Бегущие, потолкавшись в дверях, вывалились на улицу. Заветная сума уплывала по переходу, белела метрах в тридцати. Заслышав хлопок двери и топот, бомж, даже не оглянувшись, рванул, поскакал прочь крупной рысью. Преследователи настигли сумку только на той стороне улицы.
– Отдай деньги! – прокричал Шлягер, накидываясь сзади, заваливая бродягу на асфальт. – Ворюга!
Поросюк рвал сумку из клешней бомжа. Беда в том, что точно с такою же силой тащил на себя сумку и Бермудес, но с противоположной стороны. Бубенцов топтался рядом в нерешительности, потому что ясно видел – бомж не тот! Этот был двуглазый. И оба глаза выпучивались от ужаса и напряжения. Сумки, конечно, были весьма схожи. Да что ж за невидаль, таких полосатых объёмистых сумок много есть на белом свете. Пойди хоть на Павелецкий вокзал, хоть на Таганский рынок – везде в глазах рябит от этих сумок.
Бомж, ошеломлённый нападением, очень скоро пришёл в себя.
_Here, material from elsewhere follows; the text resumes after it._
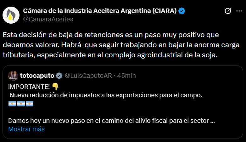 «Esta decisión de baja de retenciones es un paso muy positivo que debemos valorar. Habrá que seguir trabajando en bajar la enorme carga tributaria, especialmente en el complejo agroindustrial de la soja.
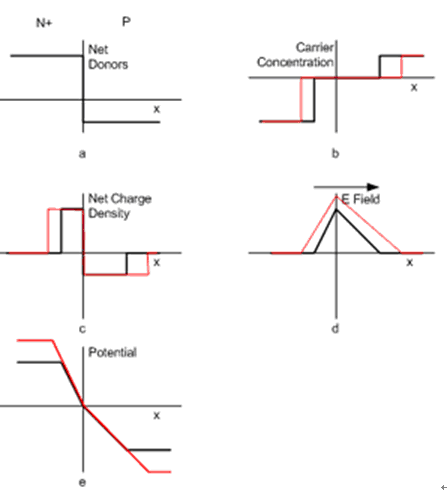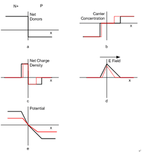 二極管的特性可以通過如圖1所示的突變型PN結(jié)來做深入理解??紤]到兩片硅材料,一片是重?fù)搅耸┲麟s質(zhì)的n+硅,一片是輕摻了受主雜質(zhì)的p硅。如圖1a所示那樣我們?cè)趚=0處將它們結(jié)合。n+區(qū)域電子密度等于施主雜質(zhì)的數(shù)目,而P區(qū)域認(rèn)為空穴密度等于受主雜質(zhì)濃度,但這種靜態(tài)情況將不會(huì)持續(xù)。在PN結(jié)邊界處電子將和空穴重新結(jié)合,結(jié)果是導(dǎo)致在PN結(jié)連接處的區(qū)域電子和空隙全被耗空。這就是圖1b所示的耗盡層,或者說是零載流子濃度區(qū)域。在這個(gè)連接處區(qū)域隨著載流子濃度的耗盡就成為靜電荷區(qū)域,如圖1c。在橫坐標(biāo)零點(diǎn)左邊,由于電子和右邊的空穴中和從而只剩下帶正電的靜電荷;在零點(diǎn)右邊,由于空穴和左邊的電子中和從而只剩下帶負(fù)電的靜電荷。在PN結(jié)連接處的兩邊耗盡區(qū)的寬度依賴于兩邊施主雜質(zhì)和受主雜質(zhì)各自的摻雜濃度。有個(gè)物理現(xiàn)象是PN結(jié)耗盡區(qū)總的正電荷數(shù)和負(fù)電荷數(shù)一樣,所以PN總體還是呈現(xiàn)不帶電狀態(tài)。 PN結(jié)連接處摻雜濃度高的一邊的耗盡層寬度比摻雜濃度低的一邊要窄得多。 耗盡區(qū)一定的靜電荷密度的存在產(chǎn)生了一個(gè)電場(chǎng),其場(chǎng)強(qiáng)最大的地方是PN結(jié)連接處,如圖1d所示。PN結(jié)的電場(chǎng)存在產(chǎn)生了內(nèi)建電壓差,如圖1e所示。電場(chǎng)和電壓的存在會(huì)迫使電子向n區(qū)域移動(dòng),而空穴向p區(qū)移動(dòng)。

Жизнь в хищном мегаполисе, полная опасностей и скорбей, вырабатывает у людей соответствующие реакции. Ухватился за вырванную уже из рук суму, вцепился смертной хваткой. Клацал зубами, рычал, плевался, брыкался. В сумке находилось всё его последнее, насущное, жизненно необходимое. Тёплое одеяло, без которого холодная смерть на ночном морозе. Два надкушенных чебурека, без которых голодная смерть. Недопитая чекушка, без которой – смерть психологическая.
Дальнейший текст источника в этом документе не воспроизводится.